### Task directions:
A faithful copy is required: transcribe each line below exactly, minus the pictures.

### Data:
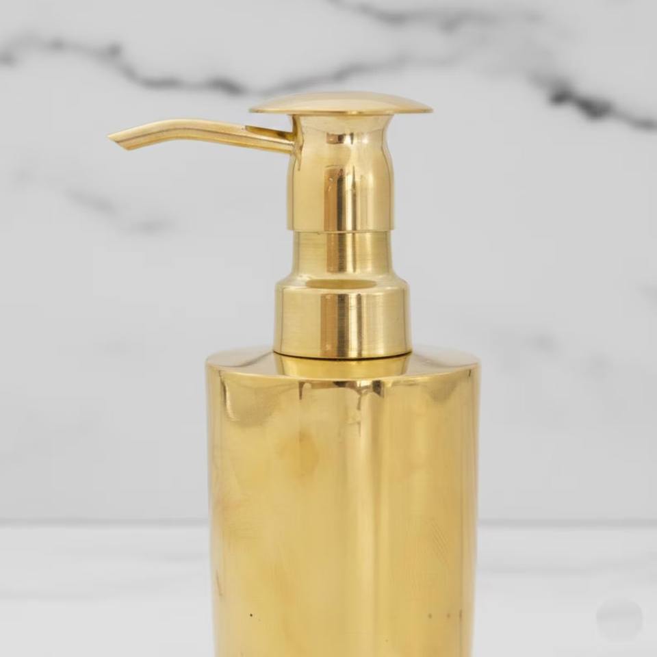 Distributeur de savon liquide en métal finition or de haute qualité, idéal pour la salle de bain et les comptoirs de lavabo, fabriqué en Inde
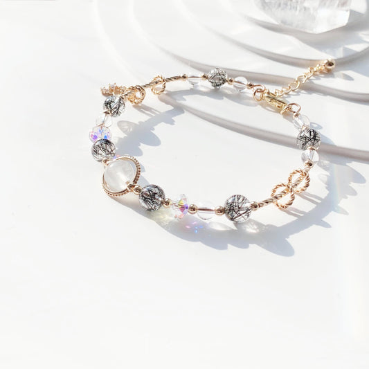 黑髮晶月光石白水晶14k包金手環定價 從 HK$348.00 起定價單價 / 每-
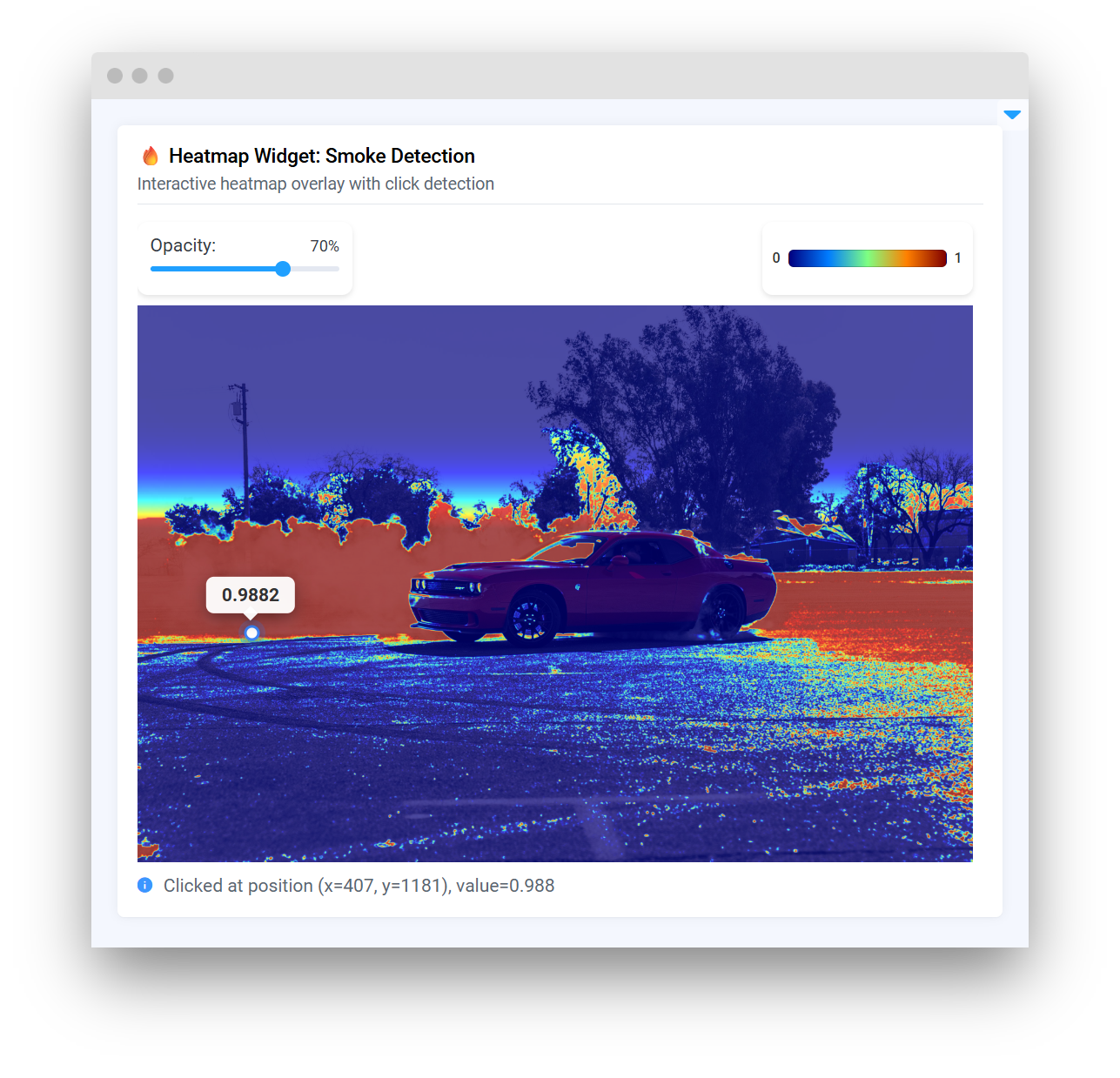 The Heatmap widget provides built-in interactivity, allowing users to click on the heatmap to retrieve exact values at specific coordinates. It supports customizable colormaps, opacity control, zoom and pan controls, configurable blur for visualization smoothing, and can work with both image files and NumPy arrays.

### Written reply:
 Distributeur de savon liquide en métal finition or de haute qualité, idéal pour la salle de bain et les comptoirs de lavabo, fabriqué en Inde
 黑髮晶月光石白水晶14k包金手環定價 從 HK$348.00 起定價單價 / 每-
 The Heatmap widget provides built-in interactivity, allowing users to click on the heatmap to retrieve exact values at specific coordinates. It supports customizable colormaps, opacity control, zoom and pan controls, configurable blur for visualization smoothing, and can work with both image files and NumPy arrays.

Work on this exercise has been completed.